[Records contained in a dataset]
-- Opening Marker --

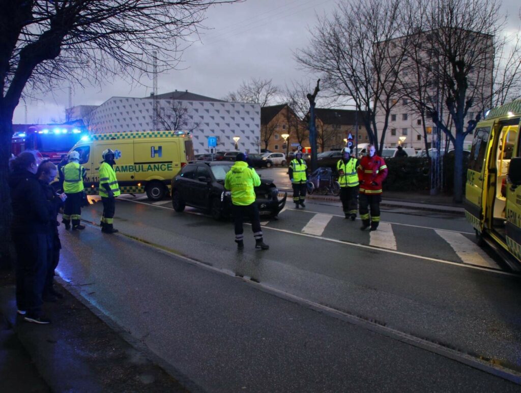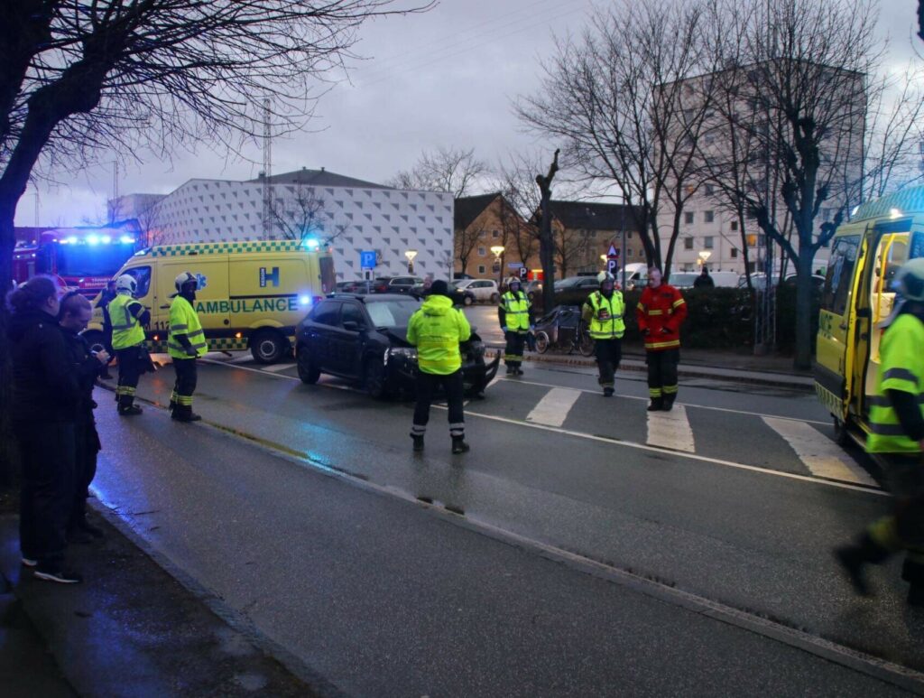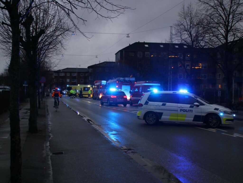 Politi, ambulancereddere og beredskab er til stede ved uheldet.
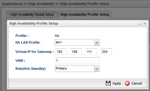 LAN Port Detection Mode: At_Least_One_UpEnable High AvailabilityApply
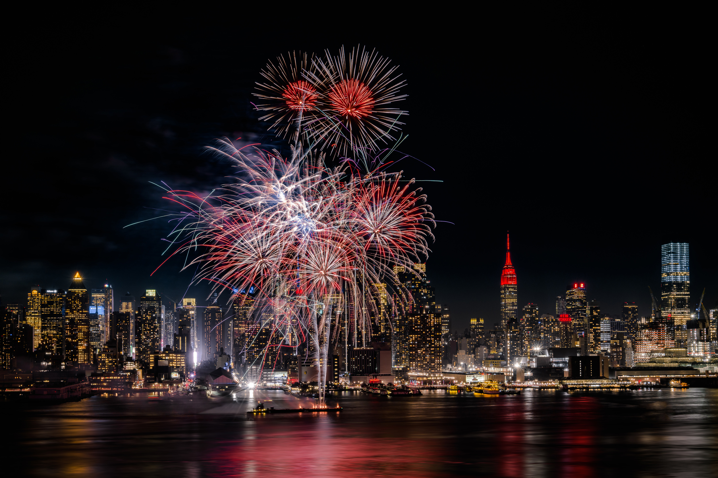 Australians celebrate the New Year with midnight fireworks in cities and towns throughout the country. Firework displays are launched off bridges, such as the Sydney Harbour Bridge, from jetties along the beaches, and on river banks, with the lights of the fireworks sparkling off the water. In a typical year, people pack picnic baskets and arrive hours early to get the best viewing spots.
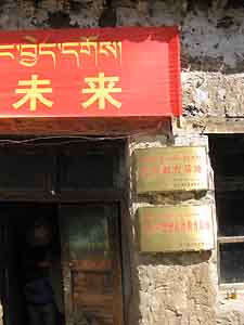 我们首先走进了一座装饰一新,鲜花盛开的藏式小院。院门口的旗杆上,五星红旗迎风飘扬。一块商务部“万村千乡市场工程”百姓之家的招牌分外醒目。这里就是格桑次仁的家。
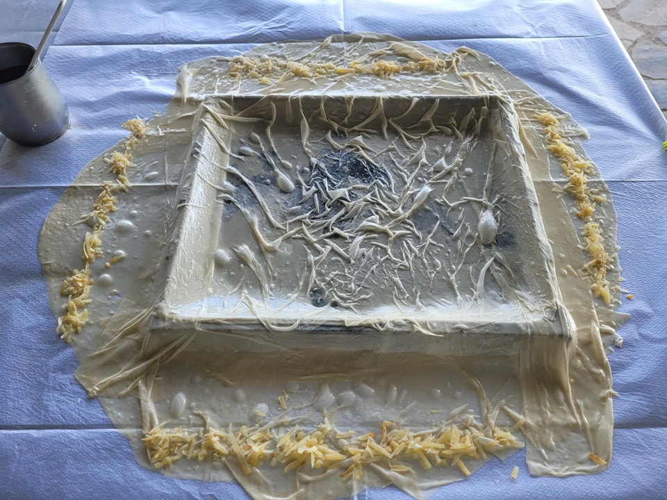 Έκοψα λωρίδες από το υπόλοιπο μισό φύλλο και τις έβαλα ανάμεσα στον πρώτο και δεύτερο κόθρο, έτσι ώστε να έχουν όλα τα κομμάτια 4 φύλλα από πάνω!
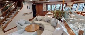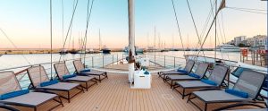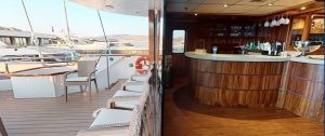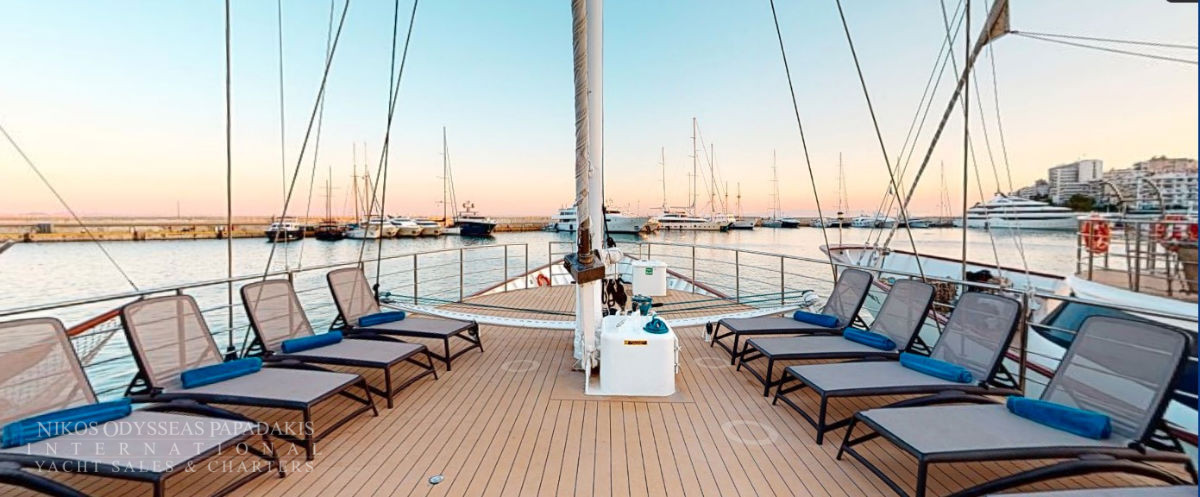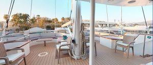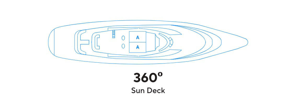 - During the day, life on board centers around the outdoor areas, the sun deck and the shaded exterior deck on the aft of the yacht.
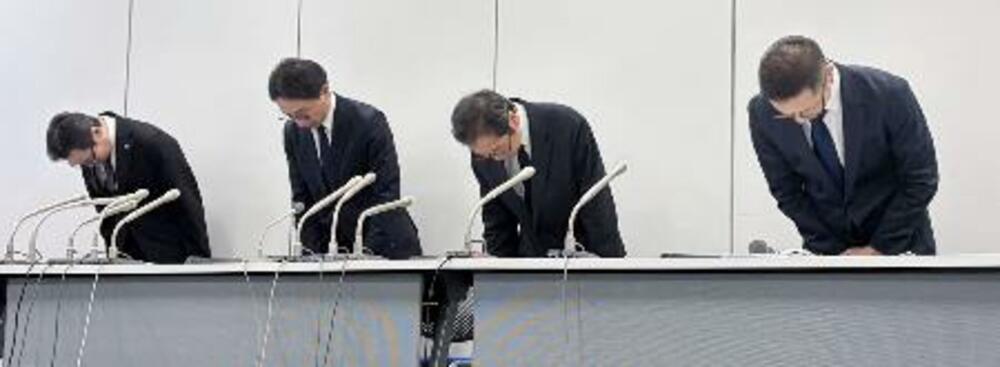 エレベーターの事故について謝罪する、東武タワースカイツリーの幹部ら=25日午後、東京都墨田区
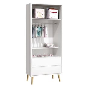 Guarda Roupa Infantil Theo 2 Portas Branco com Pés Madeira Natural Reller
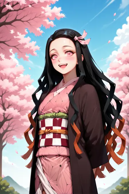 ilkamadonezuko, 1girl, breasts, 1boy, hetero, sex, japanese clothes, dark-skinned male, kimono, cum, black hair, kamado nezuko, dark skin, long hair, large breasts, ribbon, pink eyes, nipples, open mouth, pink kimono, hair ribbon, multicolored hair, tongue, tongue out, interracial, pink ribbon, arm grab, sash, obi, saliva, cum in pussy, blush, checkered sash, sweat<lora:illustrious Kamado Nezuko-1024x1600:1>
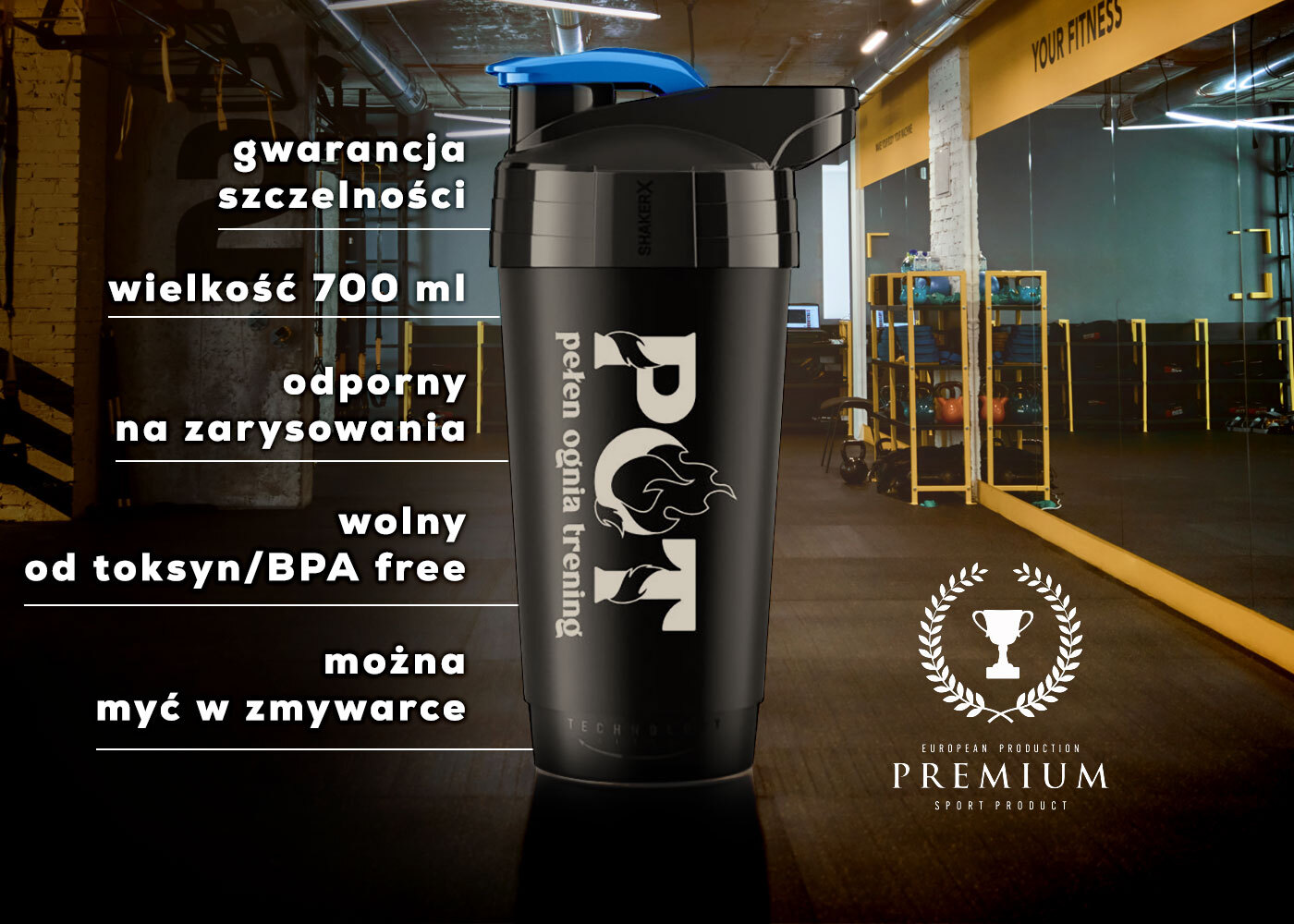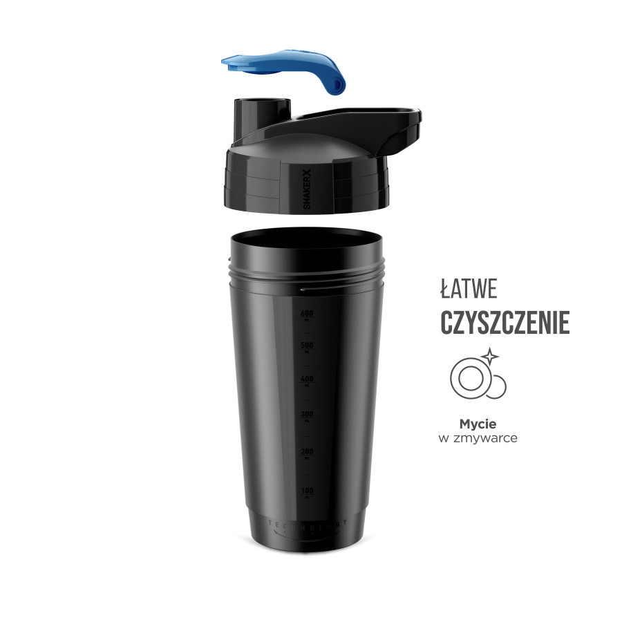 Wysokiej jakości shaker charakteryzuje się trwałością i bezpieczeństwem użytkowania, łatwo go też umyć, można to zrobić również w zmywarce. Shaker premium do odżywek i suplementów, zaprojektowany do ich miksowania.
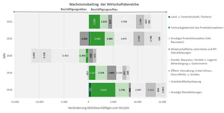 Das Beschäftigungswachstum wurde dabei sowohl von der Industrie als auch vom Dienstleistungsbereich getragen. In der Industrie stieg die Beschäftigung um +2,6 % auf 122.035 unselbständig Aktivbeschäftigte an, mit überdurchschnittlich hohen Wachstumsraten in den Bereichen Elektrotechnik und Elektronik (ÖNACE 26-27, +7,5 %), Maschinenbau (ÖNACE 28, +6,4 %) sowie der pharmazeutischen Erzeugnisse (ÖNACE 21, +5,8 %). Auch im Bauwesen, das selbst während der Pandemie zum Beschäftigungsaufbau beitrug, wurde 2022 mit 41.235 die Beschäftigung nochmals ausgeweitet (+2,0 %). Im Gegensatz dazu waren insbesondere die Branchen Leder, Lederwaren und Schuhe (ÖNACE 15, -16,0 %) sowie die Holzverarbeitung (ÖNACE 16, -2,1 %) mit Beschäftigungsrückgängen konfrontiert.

-- Closing Marker --

◆ YOUR GOAL
Each line between the one holding "我们首先走进了一座装饰一新,鲜花盛开的藏" and the one holding "Wysokiej jakości shaker", inclusive, should be copied exactly as it appears above, and pictures should be omitted.

◆ COMPLETED TASK
 我们首先走进了一座装饰一新,鲜花盛开的藏式小院。院门口的旗杆上,五星红旗迎风飘扬。一块商务部“万村千乡市场工程”百姓之家的招牌分外醒目。这里就是格桑次仁的家。
 Έκοψα λωρίδες από το υπόλοιπο μισό φύλλο και τις έβαλα ανάμεσα στον πρώτο και δεύτερο κόθρο, έτσι ώστε να έχουν όλα τα κομμάτια 4 φύλλα από πάνω!
 - During the day, life on board centers around the outdoor areas, the sun deck and the shaded exterior deck on the aft of the yacht.
 エレベーターの事故について謝罪する、東武タワースカイツリーの幹部ら=25日午後、東京都墨田区
 Guarda Roupa Infantil Theo 2 Portas Branco com Pés Madeira Natural Reller
 ilkamadonezuko, 1girl, breasts, 1boy, hetero, sex, japanese clothes, dark-skinned male, kimono, cum, black hair, kamado nezuko, dark skin, long hair, large breasts, ribbon, pink eyes, nipples, open mouth, pink kimono, hair ribbon, multicolored hair, tongue, tongue out, interracial, pink ribbon, arm grab, sash, obi, saliva, cum in pussy, blush, checkered sash, sweat<lora:illustrious Kamado Nezuko-1024x1600:1>
 Wysokiej jakości shaker charakteryzuje się trwałością i bezpieczeństwem użytkowania, łatwo go też umyć, można to zrobić również w zmywarce. Shaker premium do odżywek i suplementów, zaprojektowany do ich miksowania.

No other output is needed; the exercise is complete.